The living is a discharged vicarage, rated in the king's books at £6. 6. 8., and endowed with £200 royal bounty: the tithes have been commuted for £419. 14., of which £280 are payable to the Bishop of St. David's, the patron, and £139. 14. to the incumbent, who has likewise a glebe of about five acres and a half, valued at £10 per annum, and a house. The church is dedicated to St. Michael, from which circumstance the parish is sometimes called "Llanvihangel Mothvey." It is an ancient structure, situated in a vale at the foot of the mountainous district in the eastern part of the parish; but though ancient, the exterior is not distinguished by any architectural details of importance. The building is adorned, however, with many handsome monuments and tablets; the pillars by which its roof is supported in the middle are light, lofty, and graceful, and few churches in this part of the country surpass it as to the general beauty and elegance of its interior. In the chancel is a stone to the memory of Dr. Morgan Owen, who was buried here; he was promoted to the see of Llandaf in 1639, and died in 1644. In the churchyard are to be seen an ancient yew-tree, measuring twentyfive feet, and a sycamore, fifty-four feet, in girth. At DŰl Hywel was once a chapel of ease, now in ruins. From the parish register, which was formerly kept in the Latin language, it appears that, during the usurpation of Cromwell, all the marriages at this place were solemnized by John Powell, Esq. There are two places of worship for Independents, and one for Calvinistic Methodists. A day school in connexion with the Established Church is supported here; and four Sunday schools are held, one of which is conducted on Church principles. Dr. Owen, Bishop of Llandaf, bequeathed £10 per annum, payable out of the tithes of Llanegwad, for the relief of poor persons not receiving parochial aid. After some litigation, £238. 18. were awarded by a decree of the court of Chancery, in 1709, as arrears due to the parish; which sum is now invested, in the name of the churchwardens, in the Old South Sea annuities: the dividends, amounting to £7. 3. 4. per annum, are distributed every third year, and the original rentcharge of £10 twice a year. The poor also receive the interest of £200 in the three per cent. consolidated bank annuities, arising from a bequest by the late John Josiah Holford, Esq., of KÓlgwyn.

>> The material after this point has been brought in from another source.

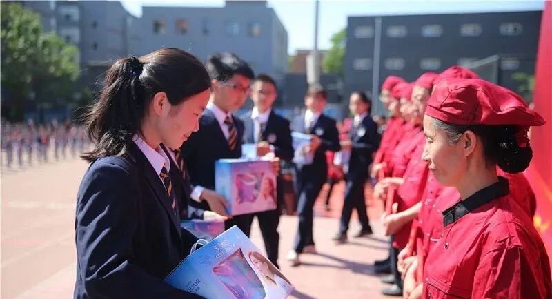 第一件发生在2019年劳动节后的第一次升旗仪式上,由小学20位、初中8位、高中7位同学代表和校领导一起为在学校导育、保洁、保安、食堂、后勤岗位上做出突出贡献的43位优秀工作人员颁发了“世纪劳动奖”。

Some interesting remains, supposed to be of British and Saxon origin, are said to have been found on a farm called Pen-tŵyn by the late Mr. Holford, just mentioned; and in the year 1807, thirty small silver coins were discovered near the ruins of DŰl Hywel chapel. In a field not far from the vicaragehouse, designated Monks' Field, are two tumuli. In the mountainous district is Craig Cwm Clyd, a rock nearly sixty yards in perpendicular height. During the thirteenth century Mothvey was much frequented by physicians, among whom was Rhiwallon, who, in conjunction with his three sons, while residing here, distinguished himself by a manuscript treatise on the practice of physic, which is preserved among the Welsh manuscripts in the library of the Welsh charity school in London. Tradition affirms that his descendants continued to follow the practice of medicine in the parish till within the memory of persons living at the beginning of the present century.